I do feel, though, that a properly run boot camp can be a good thing. difficult child 1 was sent on something like this, run by a church organisation. The only bad thing about it - it formed him and the other boot camp attendees into a close-knit social group, where previously difficult child 1 had been mixing with the 'normal' kids. He came back from camp with a set of such weird friends that the nerds were too scared to go near him. And since difficult child 1 is fairly nerdy himself, it changed his social grouping for the worse, I felt. Not that I dislike his new friends, but they came with a lot of problems that didn't really help difficult child 1 to be around right then.
The end result of difficult child 1's boot camp was that the boys all developed a sense of team effort and also a sense of self-worth. They were encouraged to push themselves, to find reserves within them that they didn't know were there, to value themselves and to feel encouraged and NOT put down. They encouraged the boys, supported them, but did not force them to do something they really couldn't do. One day they were asked to abseil down a cliff. They were shown how but difficult child 1 simply couldn't do it. They talked to him, tried to help him pluck up the courage and he really wanted to do it but was simply too terrified. They let him off and did not belittle him for not doing it. It could have easily been handled negatively, but he came home saying, "I really wanted to do it, mum. Maybe one day I'll be able to, I just wasn't ready this time."
I've not seen an Aussie boot camp for kids that degrades them. Our people wouldn't stand for it, anyone running a camp like this would be out of a job and behind bars faster than you could say, "child abuse!"
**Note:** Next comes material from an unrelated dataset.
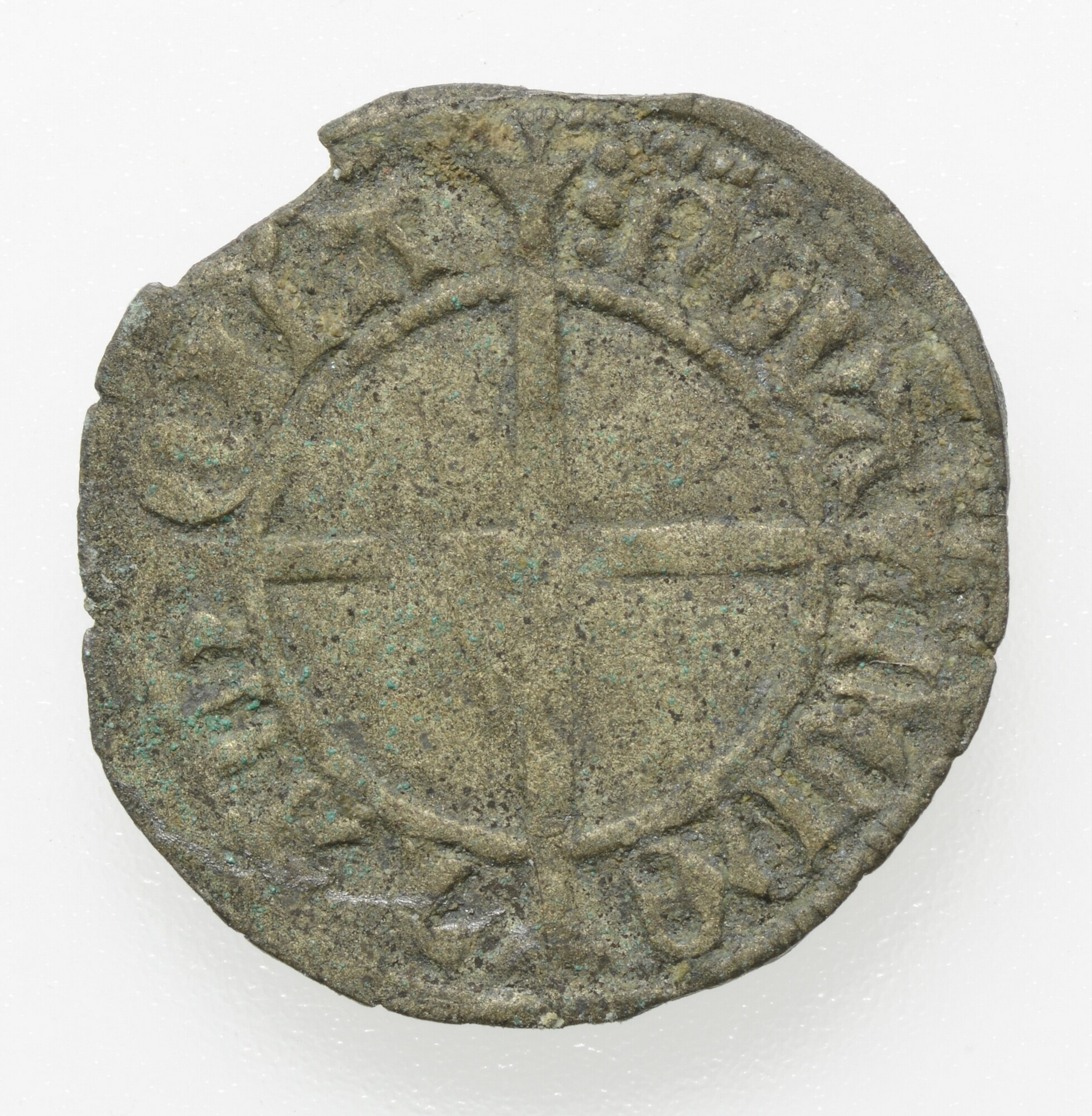 1/8 Groot; Graafschap Holland; Albrecht van Beieren (1398-1404); vz..: schuingeplaatst wapenschild van Beieren-Holland onder helm met kroon en dekkleed, omschrift binnen parelcirkels, omschrift: ALBERT:DVX:COM:HOLL; kz..: lang gevoet kruis, omschrift binnen parelcirkels, omschrift: :NOVA / MONE / TA:H / OLLA; muntplaats: Dordrecht; gewicht: 0.47 gram

We have a program for street kids and young offenders run by a city priest, Father Chris Riley.
http://www.theaustralian.news.com.au/story/0,20867,21013179-15025,00.html
He gets the kids involved in working to help other people. He had a group of them in Aceh helping to clean up after the tsunami. He took another lot to East Timor after the riots there. These kids want to be seen as tough, but they saw for themselves that it's much tougher in other parts of the world and there is no glory in it. He rounds these kids up and puts them to work to give them a work ethic and a sense of social conscience.
I wish we could send a dozen Father Chris Rileys around the world.